The Braves will face the Dodgers in the best-of-seven National League Championship Series beginning Saturday at Truist Park. It’s the second consecutive season in which the Braves and Dodgers meet in the NLCS.

Here are five keys to the Braves upsetting the Dodgers and reaching the World Series:

RISP: While the Braves defeated the Brewers in their Division Series, it was far from a flawless performance. Like Milwaukee, the Dodgers have an abundance of good pitching. The Braves will need to be better with runners in scoring position. They were 4-for-30 in the category across four games against the Brewers.

The Giants went 3-for-25 with runners in scoring position in their Division Series against the Dodgers, a result that ultimately cost them the series. Stating the obvious, the Braves must make the most of their opportunities.
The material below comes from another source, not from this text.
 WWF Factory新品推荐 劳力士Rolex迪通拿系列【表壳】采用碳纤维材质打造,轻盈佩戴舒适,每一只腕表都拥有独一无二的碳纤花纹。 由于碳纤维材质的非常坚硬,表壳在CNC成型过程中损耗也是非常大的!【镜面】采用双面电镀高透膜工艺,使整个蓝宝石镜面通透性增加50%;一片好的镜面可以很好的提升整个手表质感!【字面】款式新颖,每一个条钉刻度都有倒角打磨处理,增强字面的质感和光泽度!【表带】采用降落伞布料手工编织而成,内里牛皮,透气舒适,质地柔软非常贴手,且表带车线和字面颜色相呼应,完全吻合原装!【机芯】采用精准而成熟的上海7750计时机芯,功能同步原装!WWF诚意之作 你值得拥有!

If they fare similarly to the Giants, or even as they did for most of the Brewers series, they won’t reap the benefit of homefield advantage later in the series.

“I think it’s going to be kind of like the Brewers series,” first baseman Freddie Freeman said. “There are not going to be a lot runs scored. I think it’s going to be whoever gets that one big hit in that game that’s going to change each and every game.”
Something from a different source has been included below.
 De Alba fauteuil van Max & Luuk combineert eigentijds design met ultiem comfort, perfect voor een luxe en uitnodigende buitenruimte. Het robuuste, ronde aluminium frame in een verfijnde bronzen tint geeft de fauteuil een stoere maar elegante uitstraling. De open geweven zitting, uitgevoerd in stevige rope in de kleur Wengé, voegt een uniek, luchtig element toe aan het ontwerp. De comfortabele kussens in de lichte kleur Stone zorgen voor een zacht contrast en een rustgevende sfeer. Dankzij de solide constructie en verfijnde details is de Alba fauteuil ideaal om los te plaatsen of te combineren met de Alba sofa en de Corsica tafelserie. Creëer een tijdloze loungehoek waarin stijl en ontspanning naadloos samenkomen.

Starting pitching: Braves starters largely dominated the Brewers. They starters need to be just as good against Los Angeles. Max Fried, Charlie Morton and Ian Anderson have shown they’re up to the task. The Braves’ best chance is for their trio to deliver gems.

In the first three games against Milwaukee, Braves starters allowed two runs over 17 innings. They allowed nine hits – three each – while posting a 24:1 strikeout-to-walk ratio. Morton returned on short rest for Game 4, logging 3-1/3 innings in an eventual win.

The Dodgers have a three-headed monster atop their rotation that few can equal (just as the Brewers did). Max Scherzer, Walker Buehler and Julio Urias are aces. But the Braves feel Fried, Morton and Anderson can trade zeroes with them.

“I really think it’s going to come down to six, seven games again,” Freeman said. “So you can stack up Scherzer, Urias, Buehler against Charlie, Max, and Ian, and they might have more name recognition than our guys, but they’re still, I think, even.”

Homefield advantage: The Braves will host the first two games and the last two games, if the series reaches that point. That’s a luxury afforded by winning the NL East. The Dodgers, despite winning 106 games compared with the Braves’ 88, finished one game behind the Giants and were a wild-card team.

The Braves’ crowds were loud and enthusiastic for Game 3 and Game 4 of the NLDS, both wins. In the previous two meetings against the Dodgers, the Braves didn’t have homefield advantage. This time, they have, in some ways, a head start. If they can take the first two home games, they shift the pressure to the Dodgers.

What the Braves do with the first two games at Truist Park is pivotal. The weekend crowd will do its part, which the players insist makes a difference.

“You got a little taste of that in the NLDS where, just the difference in the atmosphere on the field, having fans back was incredible,” Fried said. “You can definitely feel the energy that was kind of injected into this team. To be able to experience kind of like a rematch of the Dodger series, now we’re going to be able to play in front of our fans here and then also in L.A. It’s going to be obviously the same guys on the field, but you can probably tell a little bit more of energy with fans and screaming and normal playoff atmosphere.”

Who steps up? In the 2020 NLCS, the Braves saw players such as Bryse Wilson, A.J. Minter and Cristian Pache surprise, helping them push the Dodgers to a Game 7. While the pitching situation isn’t so dire this time, the Braves, like any team in this spot, will need some unheralded players to convert in big spots.

Outfielder Joc Pederson was a star in the NLDS, going 3-for-3 as a pinch-hitter and homering twice. The former Dodger is among the top players to watch in this series – Pederson homered for the Braves at Dodger Stadium during their late August-early September meeting. The Braves will need other players to step up as Pederson did in the NLDS.

Avoid self-inflicted mistakes: Outfielder Adam Duvall had a pair of inexcusable gaffes on the base paths in Game 3 and 4 in the NLDS, but the Braves won both games, letting him off the hook. The Braves made multiple base-running errors in the 2020 NLCS, including in Game 7.

The Dodgers, baseball’s premier franchise at this point, are too talented for the Braves to get away with such miscues. The Braves will have to play clean games – that’s smart base running, avoiding errors, knowing which base to throw to, etc. – to have a shot. The margin for error against the Brewers was small; there is no margin for error against the Dodgers.